Starting at the line that contains "各嘉宾聚焦行业热点话题,为大" and stopping at the line that contains "理想mega行驶中自燃,车主", restate each line of the records below exactly. Omit the pictures.

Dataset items
● ● ●

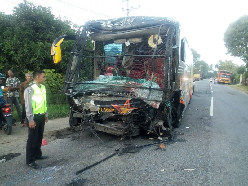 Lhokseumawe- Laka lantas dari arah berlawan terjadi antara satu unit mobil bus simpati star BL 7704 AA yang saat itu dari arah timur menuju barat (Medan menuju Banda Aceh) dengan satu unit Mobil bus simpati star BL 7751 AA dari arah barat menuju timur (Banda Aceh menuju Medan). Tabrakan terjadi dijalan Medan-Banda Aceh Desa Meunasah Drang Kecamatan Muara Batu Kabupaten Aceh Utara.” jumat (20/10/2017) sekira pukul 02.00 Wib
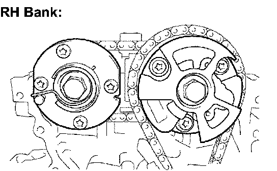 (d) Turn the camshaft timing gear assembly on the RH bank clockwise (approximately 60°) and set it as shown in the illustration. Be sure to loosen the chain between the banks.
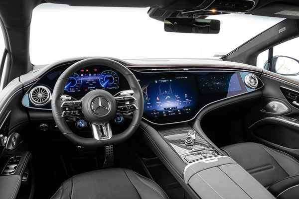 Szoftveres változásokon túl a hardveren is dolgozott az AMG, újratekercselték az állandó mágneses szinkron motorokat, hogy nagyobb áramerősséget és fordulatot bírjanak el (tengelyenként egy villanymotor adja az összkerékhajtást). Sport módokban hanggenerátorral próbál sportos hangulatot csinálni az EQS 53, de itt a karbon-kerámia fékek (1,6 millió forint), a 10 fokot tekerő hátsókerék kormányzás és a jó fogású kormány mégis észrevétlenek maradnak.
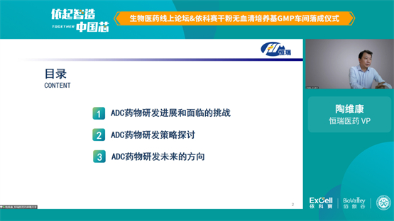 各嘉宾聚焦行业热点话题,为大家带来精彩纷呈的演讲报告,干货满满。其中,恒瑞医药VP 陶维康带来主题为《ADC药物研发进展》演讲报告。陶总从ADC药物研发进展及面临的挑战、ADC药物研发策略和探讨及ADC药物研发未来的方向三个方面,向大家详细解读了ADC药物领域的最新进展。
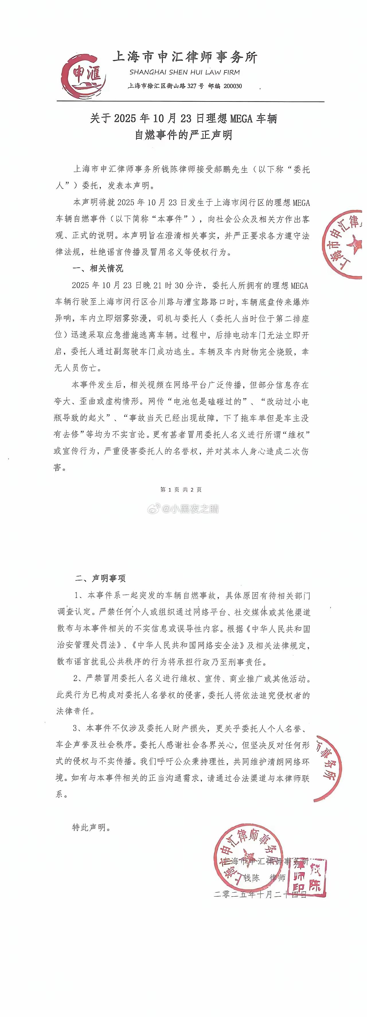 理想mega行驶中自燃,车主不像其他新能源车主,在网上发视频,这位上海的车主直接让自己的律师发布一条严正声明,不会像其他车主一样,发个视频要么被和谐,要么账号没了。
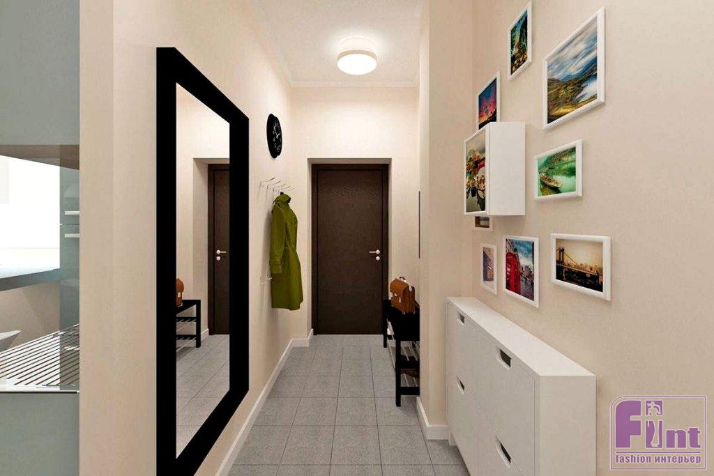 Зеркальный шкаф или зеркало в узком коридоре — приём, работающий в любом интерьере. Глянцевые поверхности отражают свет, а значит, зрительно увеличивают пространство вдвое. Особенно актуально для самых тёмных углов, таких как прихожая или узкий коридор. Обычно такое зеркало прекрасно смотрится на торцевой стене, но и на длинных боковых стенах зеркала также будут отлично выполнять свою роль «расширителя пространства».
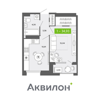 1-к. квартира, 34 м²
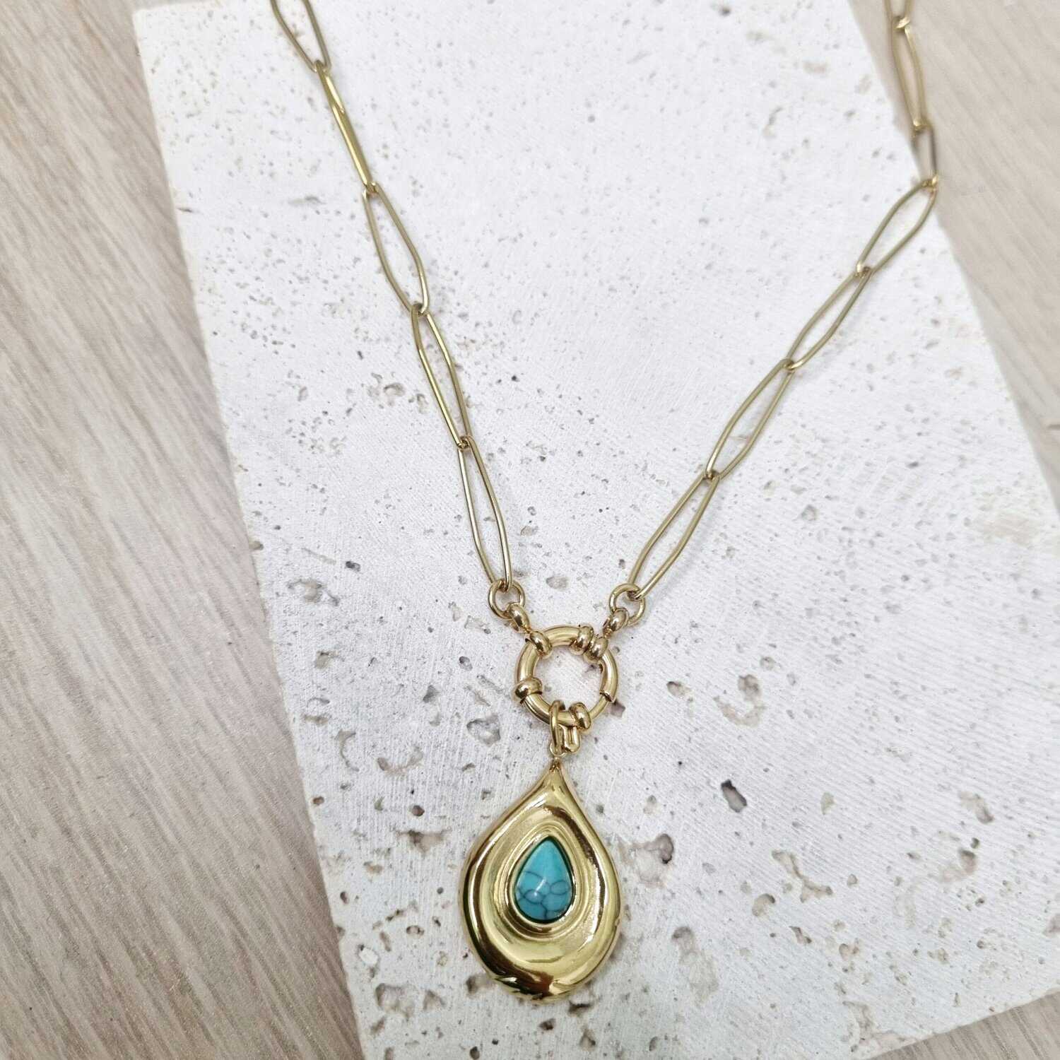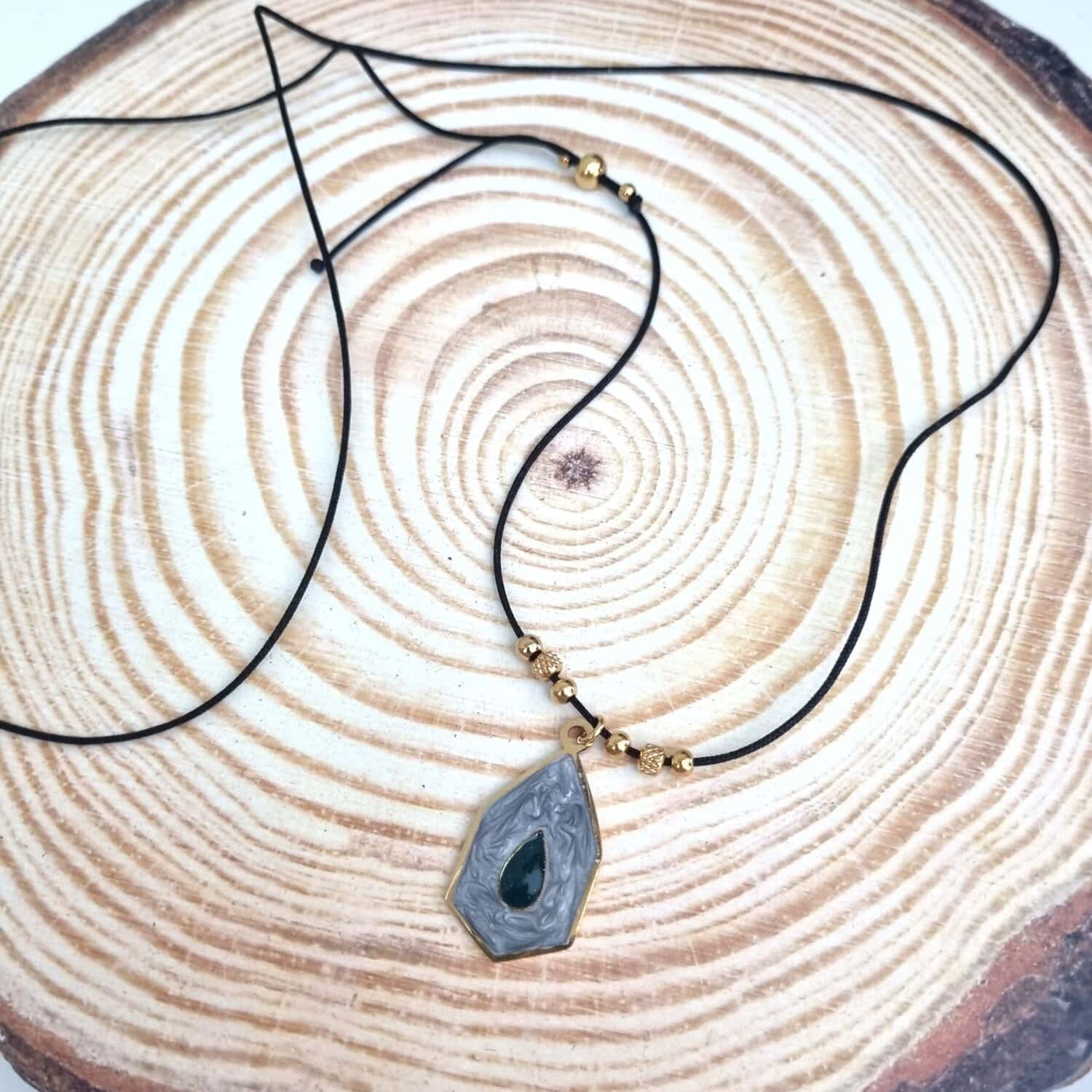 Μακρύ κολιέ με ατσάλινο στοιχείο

● ● ●

Expected answer ▸
 各嘉宾聚焦行业热点话题,为大家带来精彩纷呈的演讲报告,干货满满。其中,恒瑞医药VP 陶维康带来主题为《ADC药物研发进展》演讲报告。陶总从ADC药物研发进展及面临的挑战、ADC药物研发策略和探讨及ADC药物研发未来的方向三个方面,向大家详细解读了ADC药物领域的最新进展。
 理想mega行驶中自燃,车主不像其他新能源车主,在网上发视频,这位上海的车主直接让自己的律师发布一条严正声明,不会像其他车主一样,发个视频要么被和谐,要么账号没了。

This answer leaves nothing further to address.